WHAT TO PRODUCE
Would you repeat each line below exactly, without the pictures?

PROVIDED DATA
☆ ☆ ☆ ☆ ☆
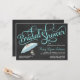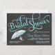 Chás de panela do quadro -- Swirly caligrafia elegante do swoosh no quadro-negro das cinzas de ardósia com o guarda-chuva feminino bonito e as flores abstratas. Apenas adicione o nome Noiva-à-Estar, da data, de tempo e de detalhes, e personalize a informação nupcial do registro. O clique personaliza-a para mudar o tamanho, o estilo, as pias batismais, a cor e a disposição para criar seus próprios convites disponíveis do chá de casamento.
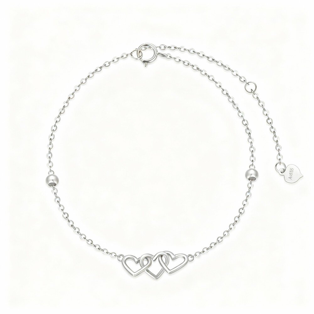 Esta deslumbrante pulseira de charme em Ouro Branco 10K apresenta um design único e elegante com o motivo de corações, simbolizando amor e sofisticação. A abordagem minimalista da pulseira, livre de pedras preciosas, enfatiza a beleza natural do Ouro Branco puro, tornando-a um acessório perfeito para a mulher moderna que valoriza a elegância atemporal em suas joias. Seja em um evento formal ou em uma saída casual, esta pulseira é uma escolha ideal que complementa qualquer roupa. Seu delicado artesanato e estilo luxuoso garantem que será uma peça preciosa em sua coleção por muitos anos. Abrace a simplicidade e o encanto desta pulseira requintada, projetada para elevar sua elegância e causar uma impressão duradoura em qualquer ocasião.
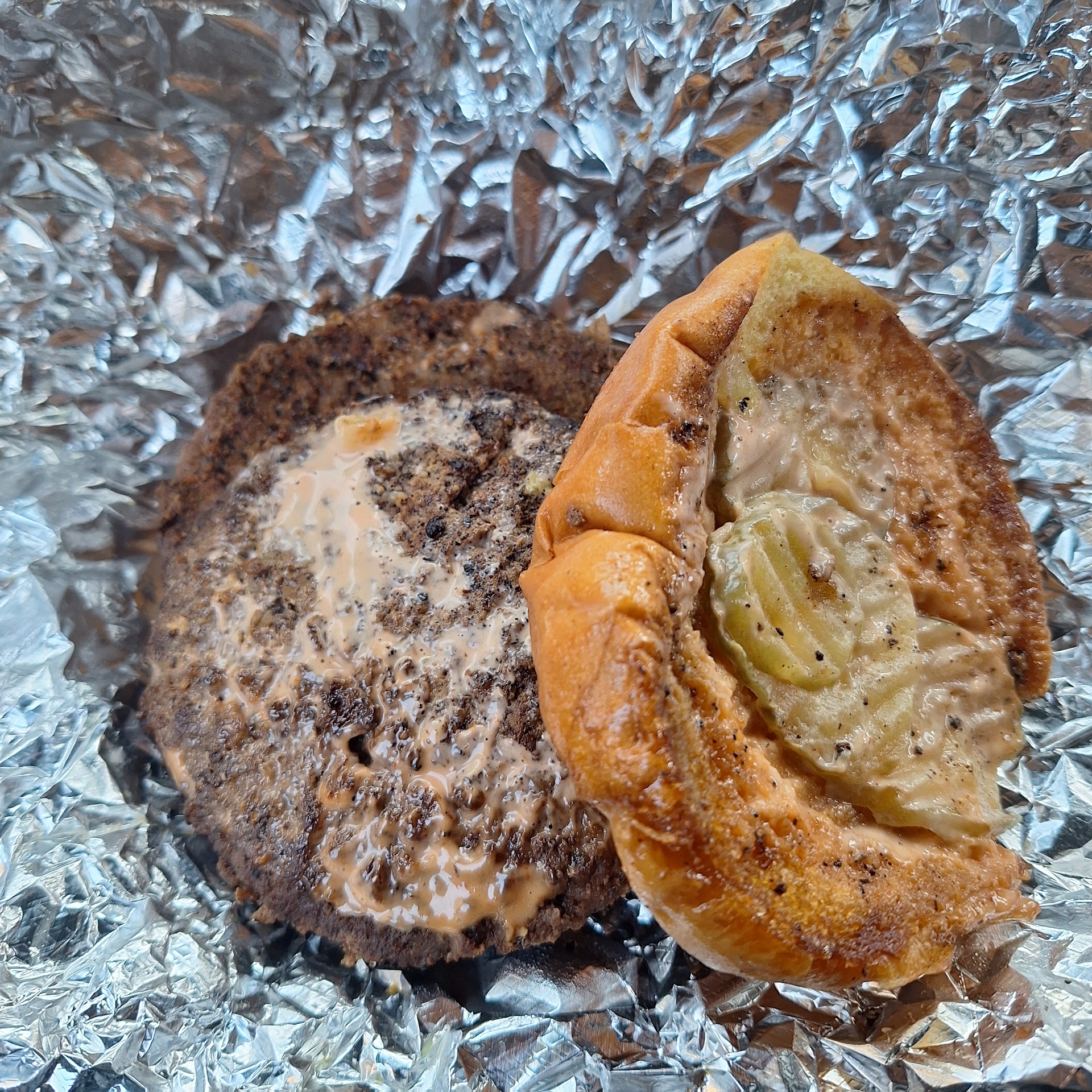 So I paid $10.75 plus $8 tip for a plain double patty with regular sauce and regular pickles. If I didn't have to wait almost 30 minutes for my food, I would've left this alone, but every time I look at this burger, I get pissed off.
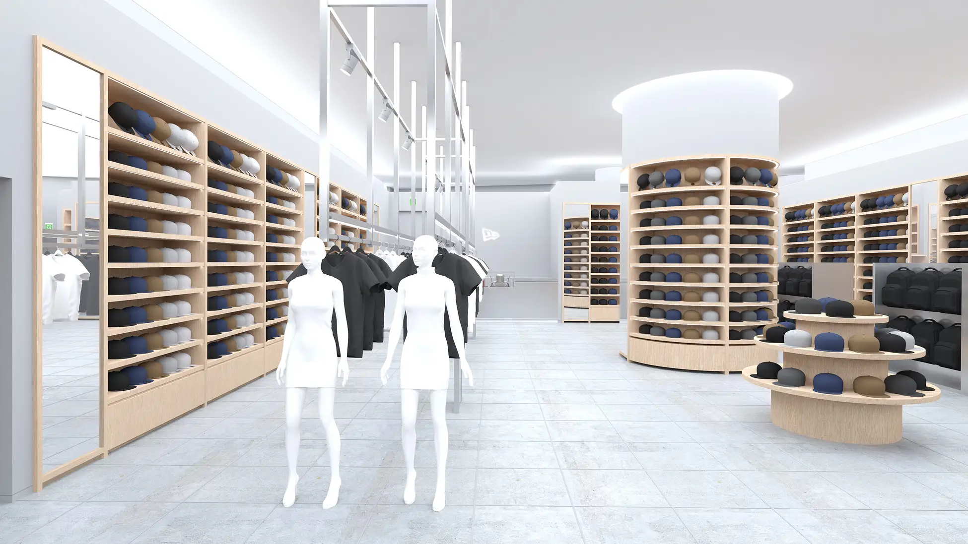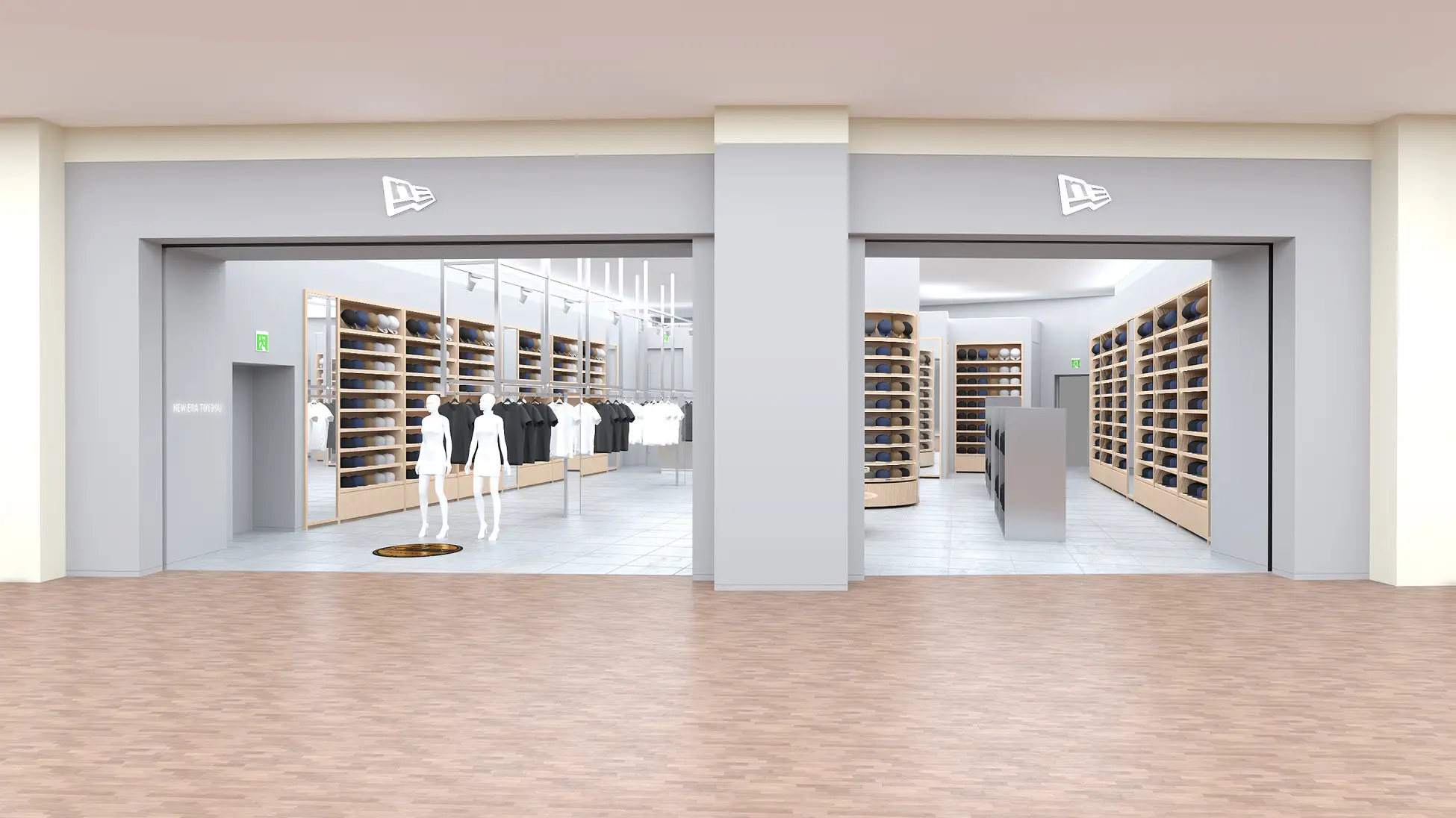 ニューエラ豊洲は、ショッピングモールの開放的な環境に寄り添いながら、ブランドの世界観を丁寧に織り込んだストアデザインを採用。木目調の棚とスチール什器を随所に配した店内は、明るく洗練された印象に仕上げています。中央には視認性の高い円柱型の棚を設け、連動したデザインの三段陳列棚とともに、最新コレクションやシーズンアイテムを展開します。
☆ ☆ ☆ ☆ ☆
REPLY
 Chás de panela do quadro -- Swirly caligrafia elegante do swoosh no quadro-negro das cinzas de ardósia com o guarda-chuva feminino bonito e as flores abstratas. Apenas adicione o nome Noiva-à-Estar, da data, de tempo e de detalhes, e personalize a informação nupcial do registro. O clique personaliza-a para mudar o tamanho, o estilo, as pias batismais, a cor e a disposição para criar seus próprios convites disponíveis do chá de casamento.
 Esta deslumbrante pulseira de charme em Ouro Branco 10K apresenta um design único e elegante com o motivo de corações, simbolizando amor e sofisticação. A abordagem minimalista da pulseira, livre de pedras preciosas, enfatiza a beleza natural do Ouro Branco puro, tornando-a um acessório perfeito para a mulher moderna que valoriza a elegância atemporal em suas joias. Seja em um evento formal ou em uma saída casual, esta pulseira é uma escolha ideal que complementa qualquer roupa. Seu delicado artesanato e estilo luxuoso garantem que será uma peça preciosa em sua coleção por muitos anos. Abrace a simplicidade e o encanto desta pulseira requintada, projetada para elevar sua elegância e causar uma impressão duradoura em qualquer ocasião.
 So I paid $10.75 plus $8 tip for a plain double patty with regular sauce and regular pickles. If I didn't have to wait almost 30 minutes for my food, I would've left this alone, but every time I look at this burger, I get pissed off.
 ニューエラ豊洲は、ショッピングモールの開放的な環境に寄り添いながら、ブランドの世界観を丁寧に織り込んだストアデザインを採用。木目調の棚とスチール什器を随所に配した店内は、明るく洗練された印象に仕上げています。中央には視認性の高い円柱型の棚を設け、連動したデザインの三段陳列棚とともに、最新コレクションやシーズンアイテムを展開します。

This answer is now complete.